Material determines the forms of art. Inevitably, one would say, indirectly and naturally, it would be more correct to say. Over the centuries, in addition to consolidated techniques and traditional materials, artists have always experimented with new techniques and materials with the aim of seeking, and finding, new expressive codes and new forms more adherent to a reality and an imaginal world in constant change but above all, to fuel a creativity free from unfounded limitations.

In this regard, the words of Jackson Pollock who wrote are emblematic: «My opinion is that new needs imply new techniques. And modern artists have found new ways and new methods to achieve their goals. It seems to me that the modern painter cannot express this era, the plane, the atomic bomb, the radio, in the ancient forms of the Renaissance or any other culture of the past. Each era finds its technique»1.

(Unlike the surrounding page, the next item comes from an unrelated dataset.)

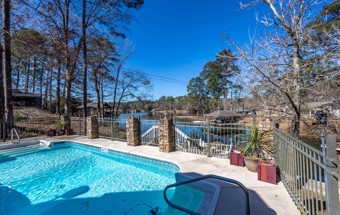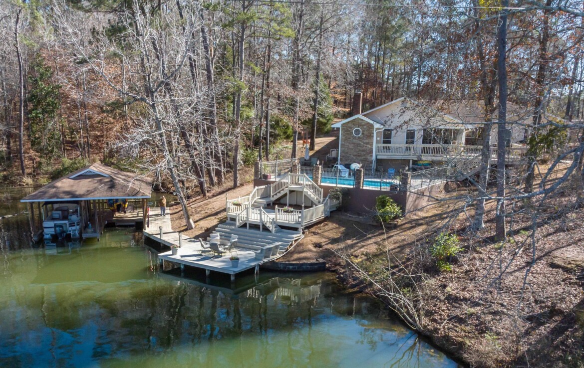 Experience exceptional lakeside living on beautiful Lake Harding! Situated on a level 1+ acre waterfront lot, this spacious 3,137+ sq ft home offers room for everyone and includes a full mother-in-law apartment with a private entrance, kitchen, and separate laundry. The main home was thoughtfully remodeled in 2006 and features an impressive 20′ x 22′ owner’s suite with a spa-inspired bath and an adjoining sewing or hobby room. Multiple living areas provide great flexibility and lead to a large screened porch overlooking the sparkling saltwater pool—ideal for relaxing or entertaining. Nestled in a quiet private cove, the property also includes a double boathouse, solid seawall, 3-car carport, and three 8′ x 10′ storage buildings for excellent storage options. Centrally located and convenient to Opelika, Auburn, and Columbus, this property delivers privacy, comfort, and the best of Lake Harding waterfront living.

Plastic materials, polymers, have also been part of the artistic baggage for about a hundred years and have gradually affirmed their identity, their versatility and irreplaceable. The use of vinyl and acrylic resins as mediums, for example, has allowed the production of more manageable and resistant colors useful for many new expressive practices and compatible with media other than traditional ones. Celluloid was the material with which Naum Gabo created his first sculptures between 1910 and 1920, replacing it in the 1930s with polymethylmethacrylate (plexiglas), a material subsequently widely used by many artistic trends. PVC (polyvinyl chloride) was also experimented with by many artists, probably first from Oldemburg; and again we think of the polyurethane of Cesar's expansions and of the works of Dubuffet and Pistoletto. Not to mention the resins, silicones and glass fibers with which the hyper-realistic artists have been able to create sculptural figures with a truer appearance than the real one, "hyper" realist precisely.

Corrado Bonomi and Gianni Cella have always made plastic the privileged material with which to create their works: not the only one, obviously, but certainly the one with the greatest significance and the greatest ability to show and embody the most distinctive aspects of current events and changes cultural, social and customs that occurred in the world we are living in.

The first divides his practice between the modeling of figures and characters from scratch and the use of everyday objects, puppets, toys that he disassembles, reassembles, assembles to create works whose titles attributed (which are a determining part) highlight a sort of linguistic-conceptual relationship between the perceived form, what this could / would like to be and what really constitutes it. The artist moves outside of a categorization of genres in that area "which is dedicated to the object" used, this, because it bears its own identity: malleable like any other traditional material that "constitutes" a work of art.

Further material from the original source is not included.